Sunny San Diego: A Short Story
Posted in Short Stories on 05/25/2006 06:40 am by rbfbeerguySunny San Diego
By Jeff Klepper
The world looked sharp and transparent. The sun lit room felt warm like a summer morning in La Jolla. The door to the room was cracked and I could hear the shoe store below me opening for business at every Monday morning. I got out of bed and washed my face. I felt sick to my stomach but that was nothing out of the ordinary considering I have a stomach ulcer the size of Kentucky. I reached in my kitchen cupboard and grabbed my bottle of Wild Turkey and poured myself a stiff drink. The taste alone sends me into a euphoric state that allows me to gather the courage to write about the poor saps that inhabit this city.
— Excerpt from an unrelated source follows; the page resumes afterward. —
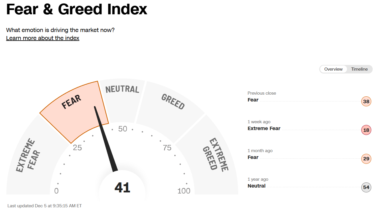 Vid botten 21 november noterades CNNs Fear & Greed Index på extremt låga 6 av 100. Nu på betydligt mindre extrema 41 av 100.
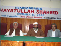 پاکستان میں صحافیوں کی مرکزی تنظیم نے اپنی ایک رپورٹ میں انکشاف کیا ہے کہ قبائلی صحافی حیات اللہ خان کو خفیہ اداروں نے قتل کیا تھا۔ صحافیوں کی مرکزی تنظیم پاکستان فیڈرل یونین آف جرنلسٹس (پی ایف یو جے) کے سیکرٹری جنرل مظہر عباس کی جانب سے ریلیز کی گئی یہ رپورٹ منگل کے روز پشاور پریس کلب میں مرحوم صحافی حیات اللہ کی یاد میں منعقدہ تقریب میں جاری کی گئی۔ تقریب میں مختلف سیاسی جماعتوں کے رہنماؤں کے علاوہ پشاور اور قبائلی علاقوں سے تعلق رکھنے والے اخبار نویسوں نے بڑی تعداد میں شرکت کی۔ تقریب کا اہتمام خیبر یونین آف جرنلسٹس ، ٹرائیبل یونین آف جرنلسٹس اور صحافیوں کی حقوق کےلئے سرگرم عمل بین الاقوامی فرانسیسی تنظیم رپورٹرز ودآؤٹ بارڈرز نے کیا تھا۔ کے ایچ یو جے کے صدر انتخاب امیر کی مرتب کردہ اس رپورٹ میں دعوٰی کیا گیا ہے کہ مرحوم صحافی حیات اللہ کو پاکستان کے خفیہ اداروں نے اغواء کرکے قتل کیا تھا۔ رپورٹ میں اس بات پر افسوس کا اظہار کیا گیا ہے کہ حکومت نے قبائلی صحافی کے قتل کے حوالے سے اب تک تین انکوائریاں مکمل کی ہیں لیکن تاحال کوئی بھی رپورٹ منظر عام پر نہیں لائی گئی ہے۔ رپورٹ کے مطابق اس سے صاف ظاہر ہوتا ہے کہ حکومت حقائق کو چھپانا چاہتی ہے۔ اس سے قبل تقریب سے خطاب کرتے ہوئے پاکستان پیپلز پارٹی پارلمینٹرینز کے صوبائی صدر رحیم داد خان ، جماعت اسلامی کے صوبائی امیر سراج الحق، عوامی نیشنل پارٹی کے مرکزی رہنما افراسیاب خٹک ، ٹرائیبل یونین آف جرنلسٹس کے صدر سیلاب محسود ، حضرت خان مہمند اور انصر عباس نے مرحوم صحافی کوشاندار الفاظ میں خراج تحسین پیش کیا اور حکومت سے مطالبہ کیا کہ ان کے قاتلوں کو فوری طور پر بے نقاب کیا جائے ۔ مقررین نے حالیہ دنوں میں صحافیوں کے خلاف پرتشدد کاروائیوں کی بھی سخت الفاظ میں مذمت کی اور مطالبہ کیا کہ اخبار نویسوں کو پیشہ ورانہ ذمہ داریوں کے دوران تحفظ فراہم کیا جائے۔ اس موقع پر پاکستان میں رپورٹرز ودآؤٹ بارڈرز کے نمائندے اقبال خٹک نے تنظیم کی طرف سے جاری کردہ ایک بیان تقریب میں پڑھ کر سنایا جس میں پاکستان میں صحافیوں کے خلاف بڑھتے ہوئے تشدد کی کارروائیوں پر سخت تشویش کا اظہار کیا گیا ہے۔ واضح رہے کہ قبائلی صحافی حیات اللہ خان کو ایک سال قبل پانچ دسمبر کو شمالی وزیرستان میں اغواء کیا گیا تھا۔ وہ چھ ماہ تک لاپتہ رہے اور بعد میں ان کی گولیوں سے چھلنی لاش ملی تھی۔ | اسی بارے میں حیات اللہ کے لیئےصحافتی ایوارڈ14 October, 2006 | پاکستان صحافی حیات اللہ قتل انکوائری17 September, 2006 | پاکستان حیات اللہ کا قتل‘ طالبان کا انکار20 June, 2006 | پاکستان ’حکومت پرائم اکیوزڈ ہے‘ گورنر19 June, 2006 | پاکستان ’حیات اللہ کو جال میں پھنسایا گیا‘18 June, 2006 | پاکستان صحافی حیات اللہ کا قتل 16 June, 2006 | پاکستان | ||||||||||||||||||||||||||||||||||||||||

All racing to work chattering about something they know nothing about. There is something in their psyche that allows them the self satisfaction that their meaningless jobs somehow relate. It is with this insignificant rationale that I stuff ice cubes in a glass and douse them with whiskey and scotch. There is no new age rendition of helplessness that allows for such hedonistic and barbaric thought. I do know now that the more I follow in this self destructive condition I become well aware that I am no less human than the gorilla at the Sad Diego zoo. I often go to the zoo on my days off from assignment. I go to the primate section first and I will sit there with my thermos of whiskey for hours. Thinking of ways to communicate with these cousins of man, these poor unfortunate bastards who were happy where they were. Until some monstrous figure out of the night grabbed them and caged them and sent them to San Diego so that some little kid can lick a lolli-pop and piss them self. I know that they look out at the world much like I do. Sitting, staring, contemplating the reasons they are confined in some unnatural faux eco-system that somehow reminds them of home. But they sulk and suffer like their human counter parts who are just as confined as they are. These poor unfortunate bastards and their furry bodies and their distant stares haunt me. They have no culture. Their life is over, they are expected to hump their counterpart so that they can one day doom their offspring to the same confinement and the same depression as they are in. It shadows humanity in almost every way. We are caged in our own glorious state. We are at fault for not noticing our brilliance and our own majesty. Instead, I sit here packing ice cubes into my glass while I face another day in sunny San Diego.